To install Multi-GPT, follow these steps:

  1. Make sure you have all the requirements listed above, if not, install/get them

To execute the following commands, open a CMD, Bash, or Powershell window by navigating to a folder on your computer and typing CMD in the folder path at the top, then press enter.

  1. Clone the repository: For this step, you need Git installed. Alternatively, you can download the zip file by clicking the button at the top of this page ☝️
git clone https://github.com/rumpfmax/Multi-GPT.git
  1. Navigate to the directory where the repository was downloaded
cd Multi-GPT
  1. Install the required dependencies
pip install -r requirements.txt
  1. Locate the file named .env.template in the main /Multi-GPT folder. Create a copy of this file, called .env by removing the template extension. The easiest way is to do this in a command prompt/terminal window cp .env.template .env Open the .env file in a text editor. Note: Files starting with a dot might be hidden by your Operating System. Find the line that says OPENAI_API_KEY=. After the "=", enter your unique OpenAI API Key (without any quotes or spaces). Enter any other API keys or Tokens for services you would like to utilize. Save and close the ".env" file. By completing these steps, you have properly configured the API Keys for your project.
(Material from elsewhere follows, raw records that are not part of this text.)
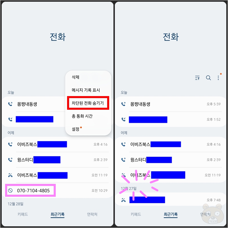 그럼 옵션이 다섯개가 나오는데 그중에서 차단된 전화 숨기기라는 옵션이 보일 것입니다. 터치해주시면 드디어 차단한 번호들이 최근 통화 기록에서 사라지게 됩니다. 엄청 간단하죠? 반대로 보이게 하려면 다시 메뉴 버튼을 눌러서 차단된 전화 보이기 항목을 터치하면 원래대로 돌아갑니다. 끝.
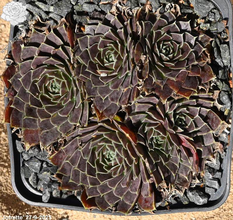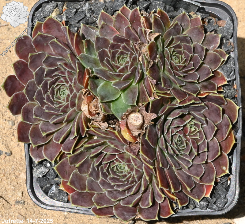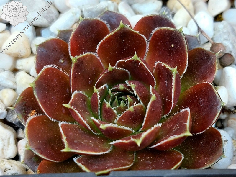Rosetten bis 7 cm, Blätter breit spatelig, kurz bespitzt, weinrot - oxidrot, Blattränder bewimpert
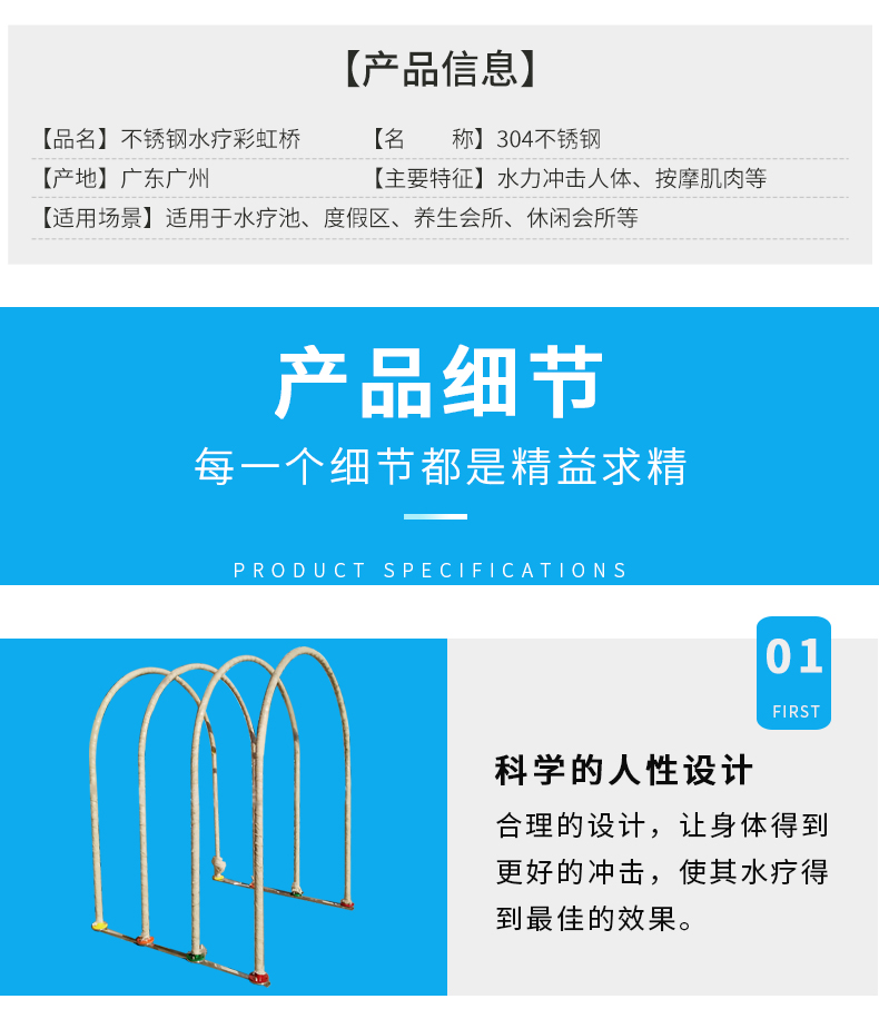 - 不銹鋼水療彩虹橋利用四周立柱噴射出的強(qiáng)力扁型水膜加上頂部水流沖擊而下,按摩身體各個(gè)部位,能起到消除疲勞、疏通 經(jīng)絡(luò),使全身肌肉得到放松改善循環(huán),促進(jìn)新陳代謝。

    • See OpenAI API Keys Configuration to obtain your OpenAI API key.
    • Obtain your ElevenLabs API key from: https://elevenlabs.io. You can view your xi-api-key using the "Profile" tab on the website.
    • If you want to use GPT on an Azure instance, set USE_AZURE to True and then follow these steps:
    • Rename azure.yaml.template to azure.yaml and provide the relevant azure_api_base, azure_api_version and all the deployment IDs for the relevant models in the azure_model_map section:
      • fast_llm_model_deployment_id - your gpt-3.5-turbo or gpt-4 deployment ID
      • smart_llm_model_deployment_id - your gpt-4 deployment ID
      • embedding_model_deployment_id - your text-embedding-ada-002 v2 deployment ID
    • Please specify all of these values as double-quoted strings
      # Replace string in angled brackets (<>) to your own ID
      azure_model_map:
      fast_llm_model_deployment_id: "<my-fast-llm-deployment-id>"
      ...
    • Details can be found here: https://pypi.org/project/openai/ in the Microsoft Azure Endpoints section and here: https://learn.microsoft.com/en-us/azure/cognitive-services/openai/tutorials/embeddings?tabs=command-line for the embedding model.

🔧 Usage

  1. Run multigpt Python module in your terminal
python -m multigpt
  1. After each action, choose from options to authorize command(s), exit the program, or provide feedback to the AI.
    1. Authorize a single command, enter y
    2. Authorize a series of N continuous commands, enter y -N
    3. Exit the program, enter n

Logs

Activity and error logs are located in the ./output/logs

To print out debug logs:

python -m multigpt --debug

OpenAI API Keys Configuration

Obtain your OpenAI API key from: https://platform.openai.com/account/api-keys.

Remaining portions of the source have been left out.